## DATA SECTION
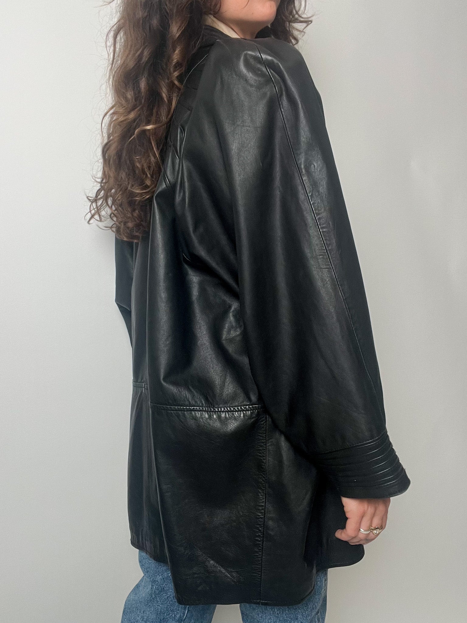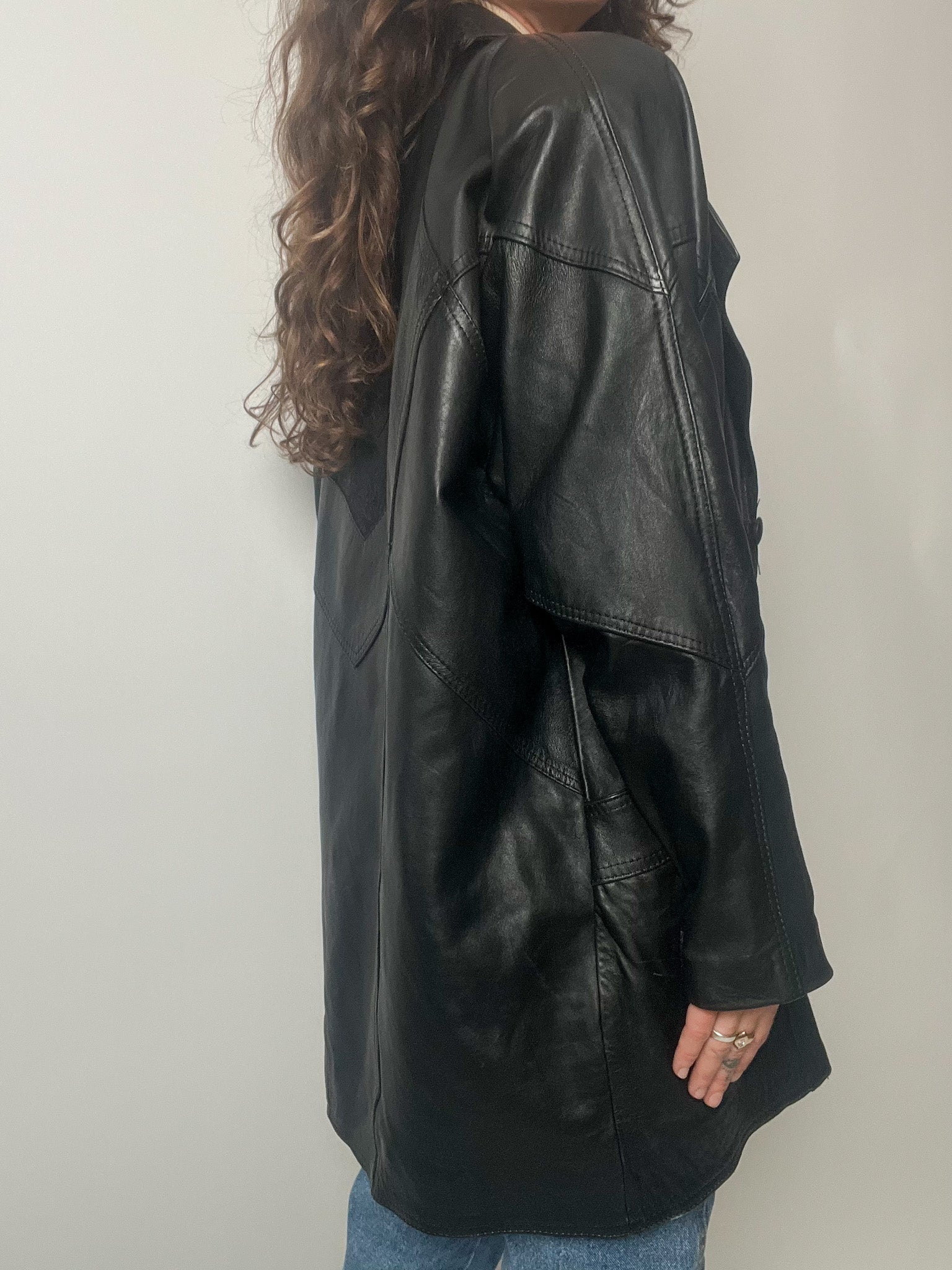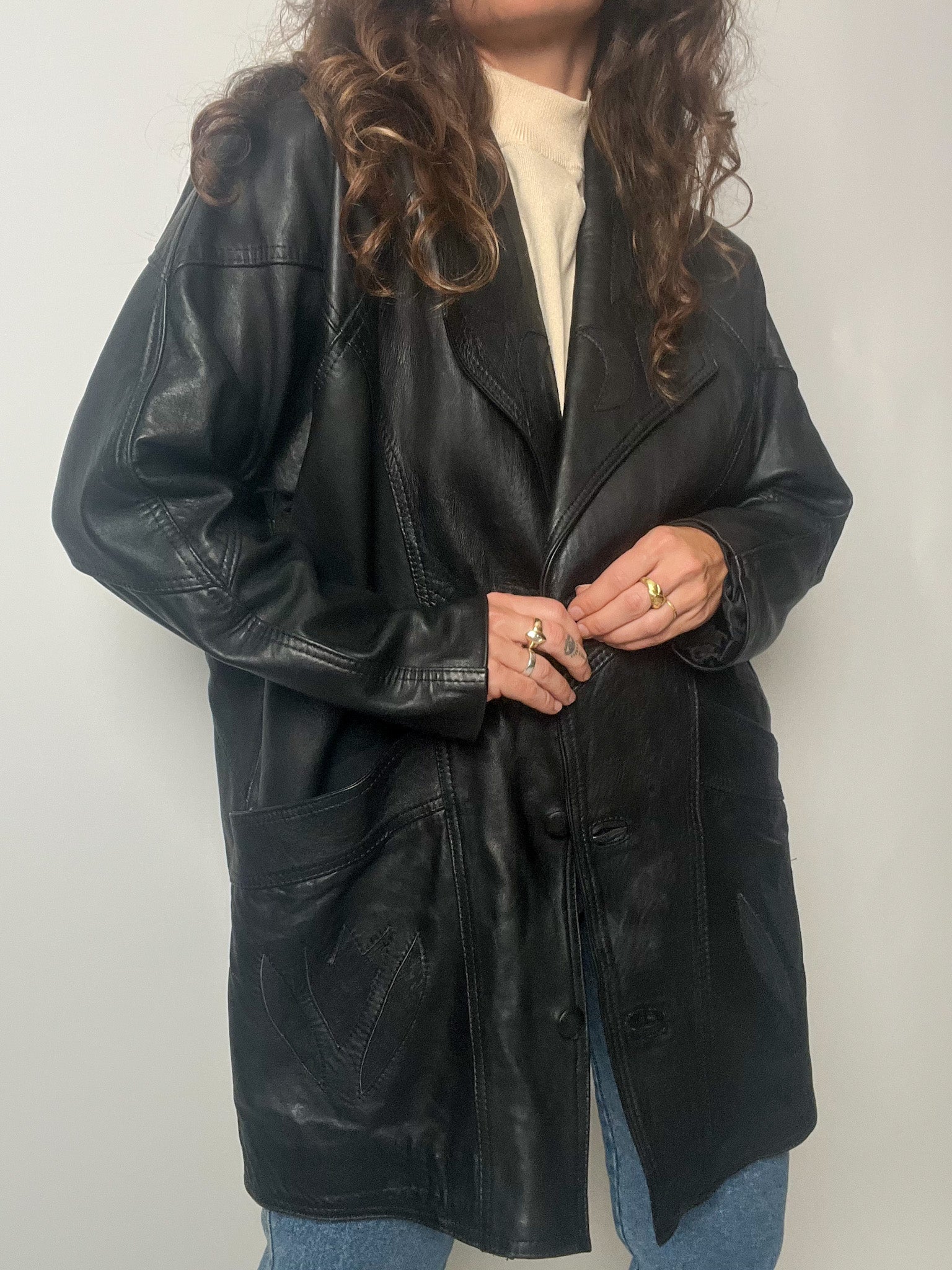 Vintage 80’s Black Leather Long Blazer with Embroidered Details
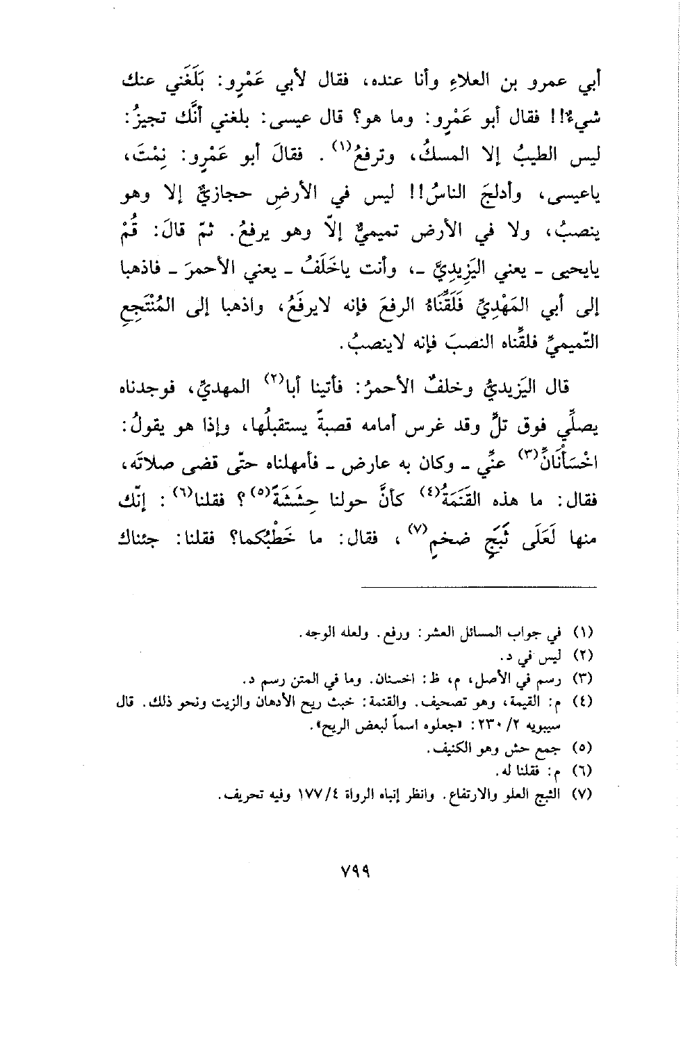 أبي عمرو بن العلاء وأنا عنده، فقال لأبي عمرو: بلغني عنك شيء!! فقال أبو عمرو: وما هو؟ قال عيسى: بلغني أنك تجيز: ليس الطيب إلا المسك، وترفع. فقال أبو عمرو: نمت، يا عيسى، وأدلج الناس!! ليس في الأرض حجازي إلا وهو ينصب، ولا في الأرض تميمي إلا وهو يرفع. ثم قال: قم يا يحيى- يعني اليزيدي-، وأنت يا خلف- يعني الأحمر- فاذهبا إلى أبي المهدي فلقناه الرفع فإنه لا يرفع، واذهبا إلى المنتجع التميمي فلقناه النصب فإنه لا ينصب.
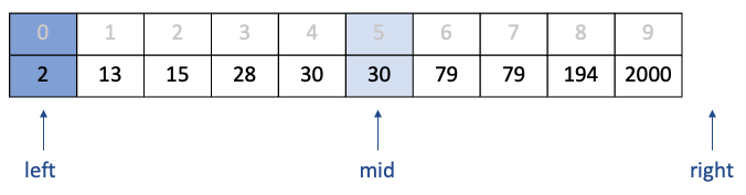 3. 여기서 주의할 점은 mid가 가리키는 값이 target이 되었다고해서 반복문을 빠져나오면 안된다는 것이다. 그림에서도 알 수 있듯이 우리는 target보다 크거나 같은 값을 찾는 것이므로 과정을 한 번 더 진행해준다.
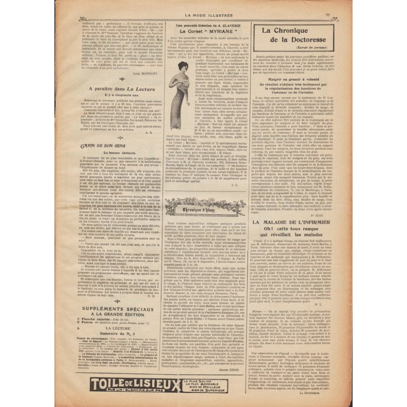La Mode Illustrée paraissait toutes les semaines, et était accompagnée d’une planche de patrons tous les quinze jours en moyenne.
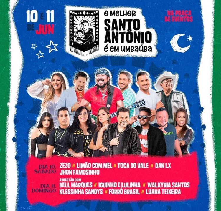 Nos dias 9, 10 e 11 de junho, Umbaúba, Sergipe, será palco da melhor festa de Santo Antônio do Brasil, com uma programação oficial repleta de atrações imperdíveis. Prepare-se para dois dias de pura diversão e animação!
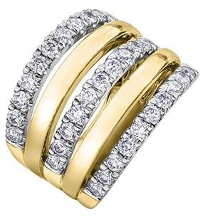 10 Karat Yellow Gold, White Gold Accent Diamond Ring. 1.50 Carat Total Diamond Weight.
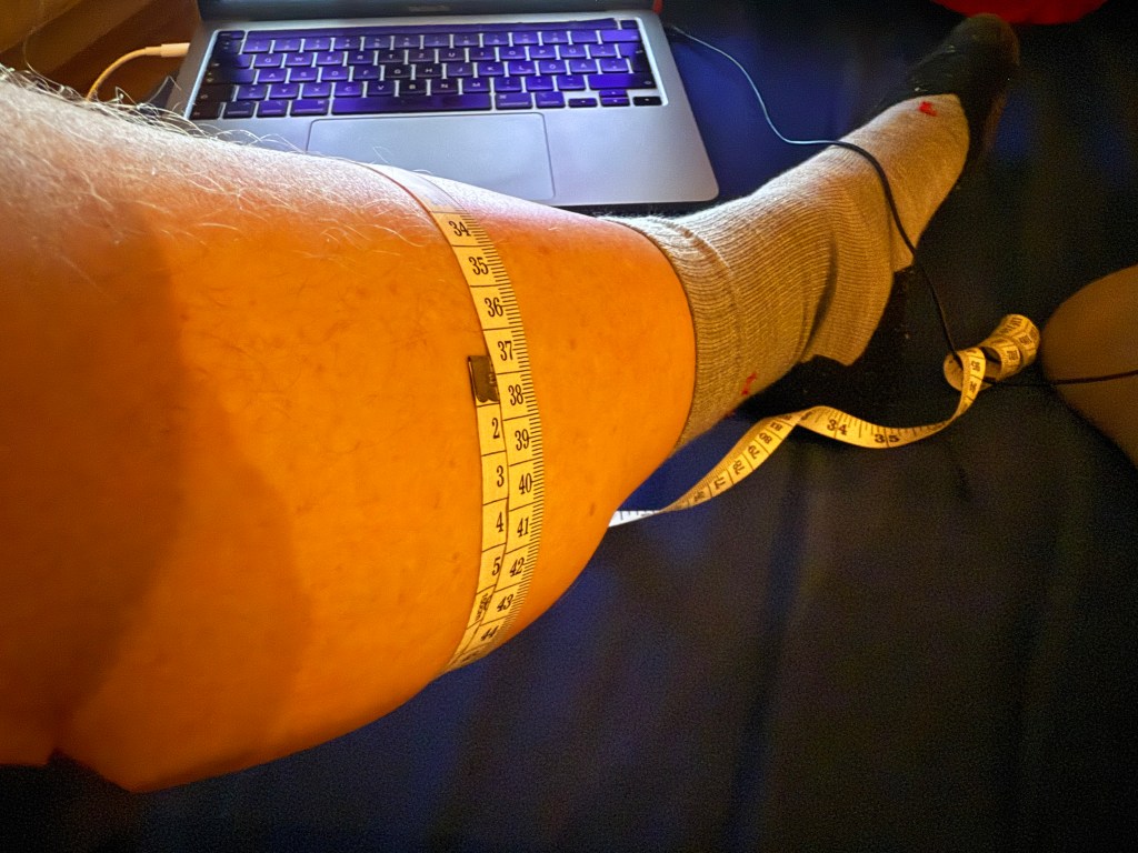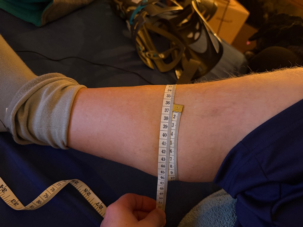 Once the food was all prepared, I put my feet up – despite frequent rests, I really notice my foot swelling, which drives me to the comfort of my bed … boot off, massage the foot, ROM movements and airing. And then I remembered I’d asked my daughter to bring a tape measure – I was interested to see what kind of measurable atrophy had my calves already … approx. 1cm on the circumference -> 3%. Is that usual for 4 weeks … ? Of course, as the bone stays the same, subcutaneous fat too, that obviously represents a much larger percantage atrophy for the affected muscles 😔.

## EXERCISE AIM
With the pictures removed, copy the data above word for word.

## TASK RESULT
 Vintage 80’s Black Leather Long Blazer with Embroidered Details
 أبي عمرو بن العلاء وأنا عنده، فقال لأبي عمرو: بلغني عنك شيء!! فقال أبو عمرو: وما هو؟ قال عيسى: بلغني أنك تجيز: ليس الطيب إلا المسك، وترفع. فقال أبو عمرو: نمت، يا عيسى، وأدلج الناس!! ليس في الأرض حجازي إلا وهو ينصب، ولا في الأرض تميمي إلا وهو يرفع. ثم قال: قم يا يحيى- يعني اليزيدي-، وأنت يا خلف- يعني الأحمر- فاذهبا إلى أبي المهدي فلقناه الرفع فإنه لا يرفع، واذهبا إلى المنتجع التميمي فلقناه النصب فإنه لا ينصب.
 3. 여기서 주의할 점은 mid가 가리키는 값이 target이 되었다고해서 반복문을 빠져나오면 안된다는 것이다. 그림에서도 알 수 있듯이 우리는 target보다 크거나 같은 값을 찾는 것이므로 과정을 한 번 더 진행해준다.
La Mode Illustrée paraissait toutes les semaines, et était accompagnée d’une planche de patrons tous les quinze jours en moyenne.
 Nos dias 9, 10 e 11 de junho, Umbaúba, Sergipe, será palco da melhor festa de Santo Antônio do Brasil, com uma programação oficial repleta de atrações imperdíveis. Prepare-se para dois dias de pura diversão e animação!
 10 Karat Yellow Gold, White Gold Accent Diamond Ring. 1.50 Carat Total Diamond Weight.
 Once the food was all prepared, I put my feet up – despite frequent rests, I really notice my foot swelling, which drives me to the comfort of my bed … boot off, massage the foot, ROM movements and airing. And then I remembered I’d asked my daughter to bring a tape measure – I was interested to see what kind of measurable atrophy had my calves already … approx. 1cm on the circumference -> 3%. Is that usual for 4 weeks … ? Of course, as the bone stays the same, subcutaneous fat too, that obviously represents a much larger percantage atrophy for the affected muscles 😔.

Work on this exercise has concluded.